#### Directions for this task:
Repeat the listing word for word, but skip any pictures.

#### Given data:
========================================================================

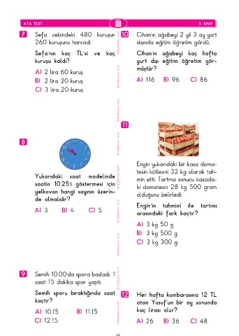 Page 67 - ATA YAYINCILIK 3. Sınıf Ata Test
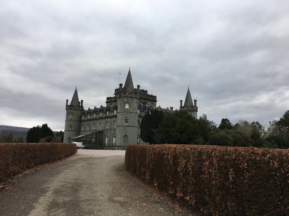 Nous sommes passés à côté du château… enfin l’un nombreux châteaux du clan Campbell, l’un des plus grands et des plus puissants clans écossais historiques des Highlands. La tour carrée au centre date du 15e mais tout le reste a été arrangé au 17e. La famille y vit encore aujourd’hui. Quel luxe !
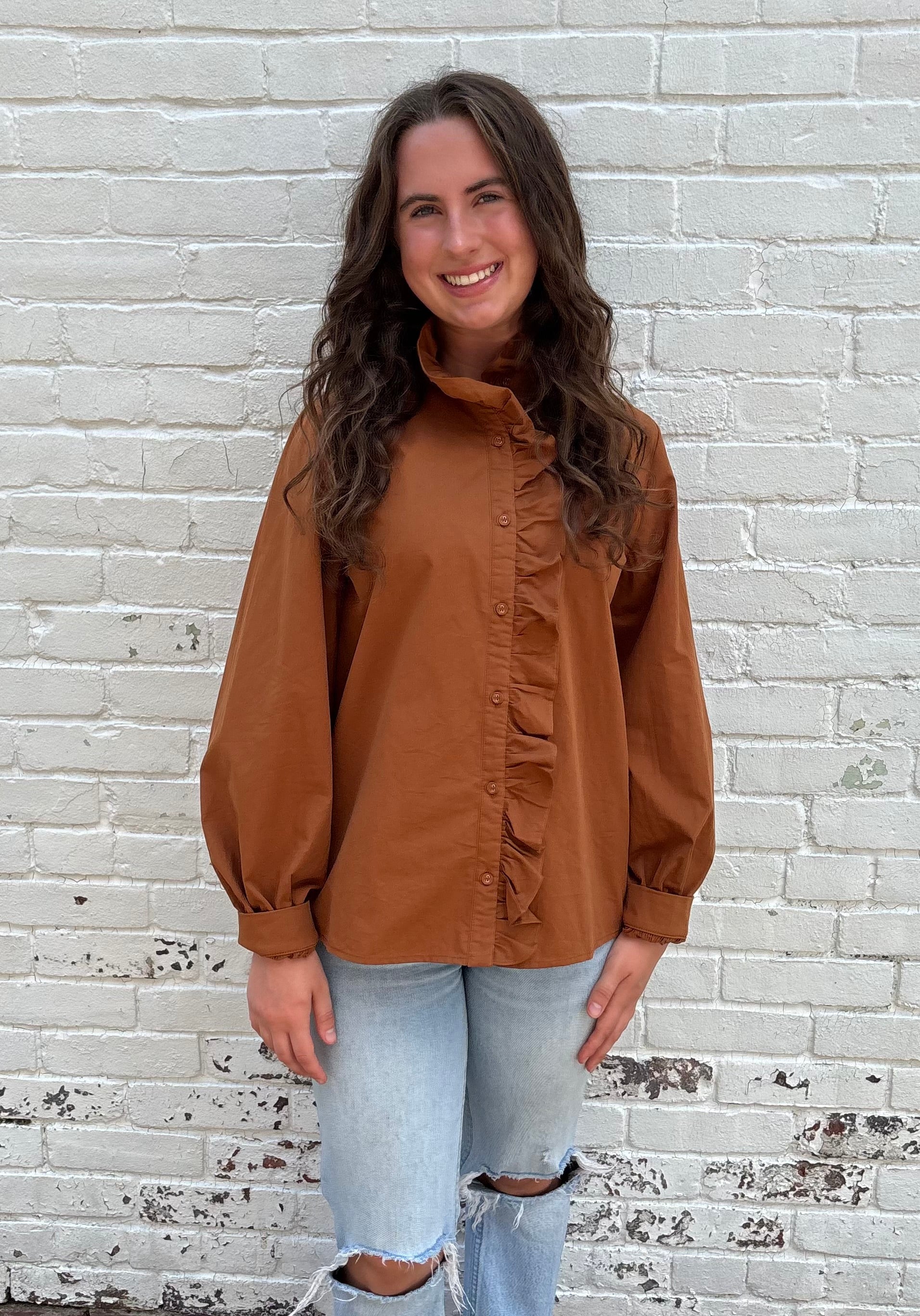 Ruffled Neck Blouse in a beautiful rust color!

========================================================================

#### Output of the exercise:
 Page 67 - ATA YAYINCILIK 3. Sınıf Ata Test
 Nous sommes passés à côté du château… enfin l’un nombreux châteaux du clan Campbell, l’un des plus grands et des plus puissants clans écossais historiques des Highlands. La tour carrée au centre date du 15e mais tout le reste a été arrangé au 17e. La famille y vit encore aujourd’hui. Quel luxe !
 Ruffled Neck Blouse in a beautiful rust color!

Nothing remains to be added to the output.